Remember these three wants when you're dealing with your help.
Get your "help"—it may be the switchboard operator or it may be a thousand automobile workmen—in the position of wanting those same three things. The help's job is his "trade," you are his customer; and his compensation is his profit.
When you do that, you have an employee or helper who is going to give you the hearty cooperation you're looking for—just so long as you are a good customer, and his compensation for helping you is a fair profit.
Next time you go into a store, try to keep that thought fixed in your mind. Everyone working in a business, you see, is selling his services—and when you use those services you are the buyer. Perhaps you pay in money for the services rendered—perhaps you simply repay him by making his day's work easier. In either event, treat your requests for service as though you and he were transacting a business that is mutually, but individually, profitable, and the cooperation which is otherwise usually begrudged will be automatically forthcoming.
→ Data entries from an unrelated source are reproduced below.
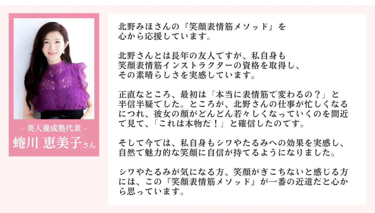 表情筋は嘘をつきません。行動した分だけ、必ず素敵な笑顔は手に入ります。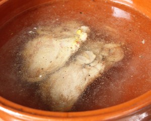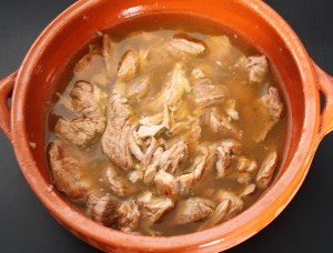 Dejar cociendo a fuego bajo y tapado durante 2 horas, hasta que el cordero quede muy tierno al pincharlo.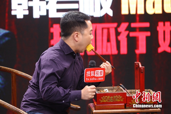 马修•莫伊今天一亮相就引发现场尖叫,他也不改剧中幽默,在现场用广东话讲“饺子”等食物的中文名,更笑言被自己说饿了。面对主持人送上的点心,马修十分兴奋,连忙用不熟练的姿势拿起筷子,吃完炒肝吃泡椒凤爪,在大呼美味的同时,还直接把凤爪的骨头也吞下肚子。
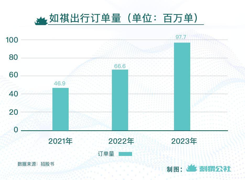 但与此同时,如祺和其他同行一样,网约车订单数量在持续增长,从2021年的4700万单暴增至2023年的接近1亿单,这使得如祺出行平均每单的亏损,从过去的一单14元缩小到了一单7元。业务量增长了,但为什么平台还是赚不到钱?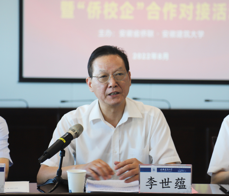 本网讯 为深入贯彻党中央、国务院关于促进高校毕业生就业决策部署和中国侨联“侨企互通促就业”工作要求,搭建“产学研用”对接平台,促进高校科技成功转化,安徽建筑大学与安徽省侨联于8月12日联合主办“侨商走进安徽建筑大学暨“侨校企”合作对接活动。省侨联党组书记、主席李世蕴及有关领导,安徽建筑大学党委书记孙道胜及相关部门负责人,省属高校侨联代表,省侨商联合会会长、欧普康氏科技股份有限公司董事长陶悦群及部分会员代表参加会议。会议由省侨联党组成员、专职副主席、一级巡视员杨冰主持。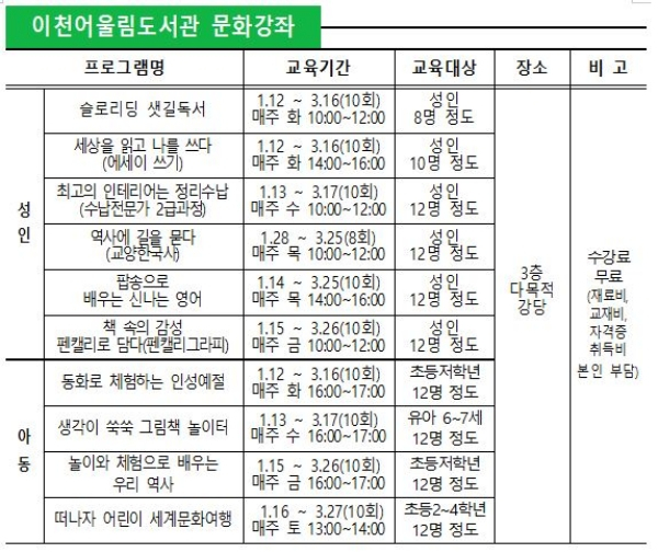 이천어울림도서관(남구 이천로 124)에서는 학부모 등 성인을 대상으로 ▲슬로리딩 샛길독서 ▲세상을 읽고 나를 쓰다 ▲최고의 인테리어는 정리수납 ▲역사에 길을 묻다 ▲팝송으로 배우는 신나는 영어 ▲책 속의 감성 펜캘리로 담다를 운영하고,
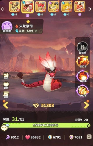 当前强度顶尖的阵容为:熔岩甲龙、炽火醉龙、熔山甲、霸道龙人、舞火凤、火蛇祭司 。此套体系核心在于火系燃烧,具备超强的整体输出能力。哪怕敌方配有治疗宠物,也难以抵御这股伤害,一轮回合下来,敌方宠物不是死亡就是重伤。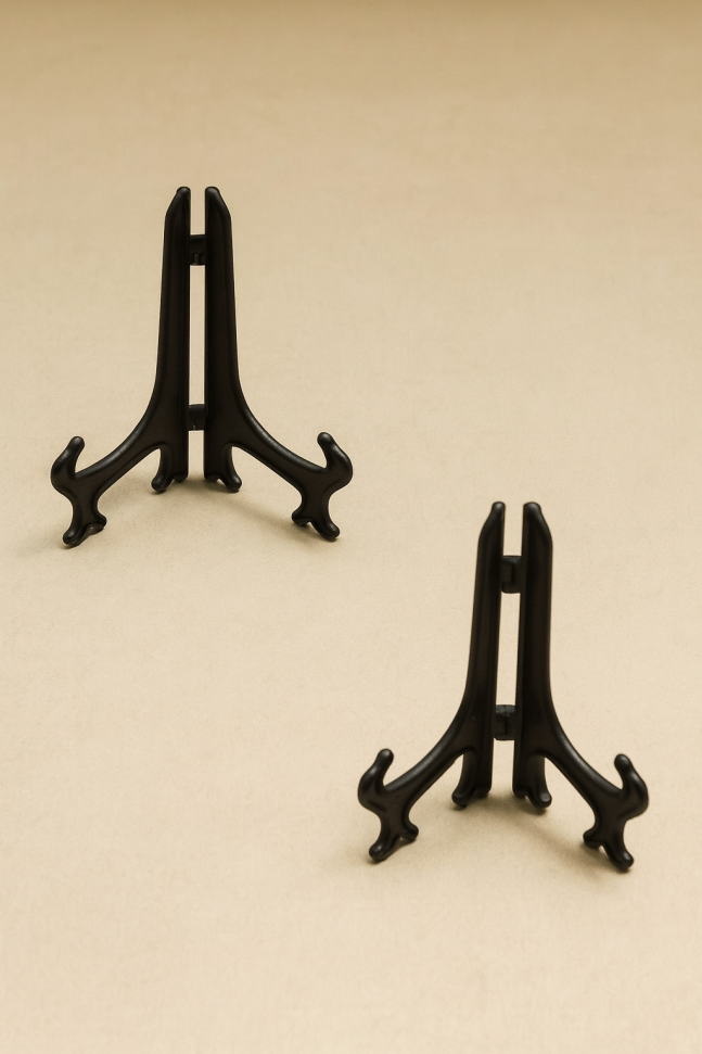Многофункционална стойка за рамка със снимка или картина, изработена от здрава и олекотена прозрачна пластмаса.

But that, you say, is PERSONALITY. Then how do you account for this?
A. is a big, breezy salesman. He busts into a hotel, calls the "greeter" behind the desk by name, asks for 1209 "same as last time"—and gets all kinds of real service from porters, bell-hops and waiters.
It looks as though it might be personality.
Yet right behind him walks B. He's a horse-faced bird who never smiles—wiry, monosyllabic—asks brusquely for a $4 room—gets it. And gets everything else he asks for—just as promptly as A. does.
No, it can't be personality. For there's C. and there's D. C. is A's twin—and B. and D. were cast in the same mold. Their tips are no smaller; their demands no more unreasonable. Yet C. gets the poorest sample room in the house. And D's trunk is always the last one the porter brings up.
These aren't exaggerated cases. Hotel men will tell you they happen every day.